Pengabdian #Day 3

7 Juli 2020

Rak Buku, ditinggal sejak Maret


Pagi, bangun tidur, Umik merasa sayah, walhasil minta tolong dipijat. Dan disitu pula, ketahuan kalau saya bisa mijat berkat dari jurusan saya (Tasawuf dan Psikoterapi). Dua kali saya dimintai tolong Umik, untuk memijat. Saya sendiri Alhamdulillah, ketika apa yang pernah saya rasakan dan dapatkan bisa dirasakan orang lain.

"Saya suka pijatan kamu, Sa", ungkap Umik.

Percakapan berlanjut, sampai dengan jurusan saya yang ternyata mengajarkan pijat dan berbagai terapi. Yang awalnya Umik minta tolong cah ndalem untuk memanggil tukang pijit, akhirnya dibatalkan. "Udah, sama Mbak Asa aja, pijatannya udah enak," begitu tutur Umik. Namun ketika pagi itu, pijatnya belum beres (selesai), beliau ditelfon anak-anak beliau. Dan memutuskan berhenti, dan saya sama Baiti disuruh balik ke pondok.
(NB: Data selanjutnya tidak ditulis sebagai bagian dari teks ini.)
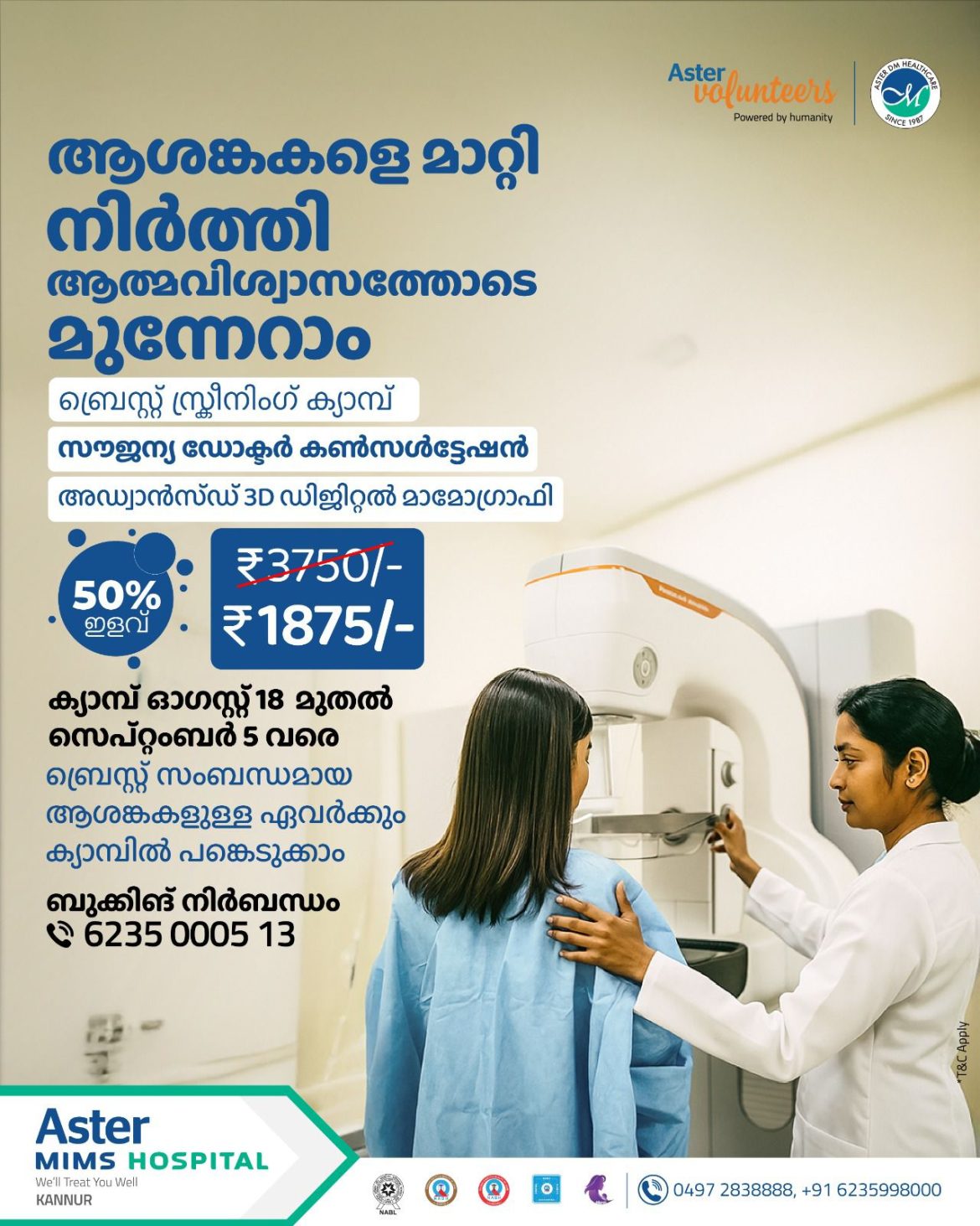 കൊയിലാണ്ടി : സ്തനസംബന്ധമായ ആശങ്കകൾ അകറ്റുന്നതിനും, കാന്‍സര്‍ ഉള്‍പ്പെടെയുള്ള രോഗങ്ങള്‍ നിര്‍ണ്ണയിക്കുന്നതിനായി കണ്ണൂര്‍ ആസ്റ്റര്‍ മിംസ് ഹോസ്പിറ്റലിന്റെയും ആസ്റ്റര്‍ വളണ്ടിയേഴ്‌സിന്റെയും നേതൃത്വത്തില്‍ ബ്രസ്റ്റ് സ്‌ക്രീനിംഗ് ക്യാമ്പും അഡ്വാന്‍സ്ഡ് 3ഡി ഡിജിറ്റല്‍ മാമ്മോഗ്രഫി പരിശോധനയും സംഘടിപ്പിക്കുന്നു. ഓഗസ്റ്റ് 18 മുതല്‍ സെപ്തംബര്‍ 5 വരെ നീണ്ടുനില്‍ക്കുന്ന ക്യാമ്പില്‍ സ്തനസംബന്ധമായ ആശങ്കയുള്ള ഏവര്‍ക്കും പങ്കെടുക്കാം. ക്യമ്പില്‍ പങ്കെടുക്കുന്നവര്‍ക്ക് ഡോക്ടര്‍മാരുടെ സൗജന്യ പരിശോധനയ്ക്ക് പുറമെ അഡ്വന്‍സ്ഡ് 3ഡി ഡിജിറ്റല്‍ മാമോഗ്രാഫിക്ക് 50% ഇളവും ലഭ്യമാകും.

Percakapan Umik dan putra-putri beliau sempet terdengar oleh saya. Putra-putri Umik memang jauh-jauh. Saya kurang hafal siapa saja, tapi yang bersama Umik hanya Baba dan Ummah. Selainnya tinggal di luar kota. Percakapan Umik seputar hewan qurban yang akan disembelih di akhir bulan nanti (Idul Adha), dan juga guyon-guyon renyah.

"Sudahlah jadi orang biasa saja. Cukup. Sudah ada menteri pedesaan, menteri apalagi", sambung Umik panjang. Dua nama menteri yang disebutkan, adalah menantu Umik. Putra-putri Umik memang banyak yang terjun di politik dan parlemen. Maa syaa Allohhh. Namun ada juga yang berbeda, seperti Baba dan Mama (istri Baba) lebih merambah ke bisnis dan tetap nguri-uri pesantren Abah Amin, serta dibantu Ummah dan Abi. 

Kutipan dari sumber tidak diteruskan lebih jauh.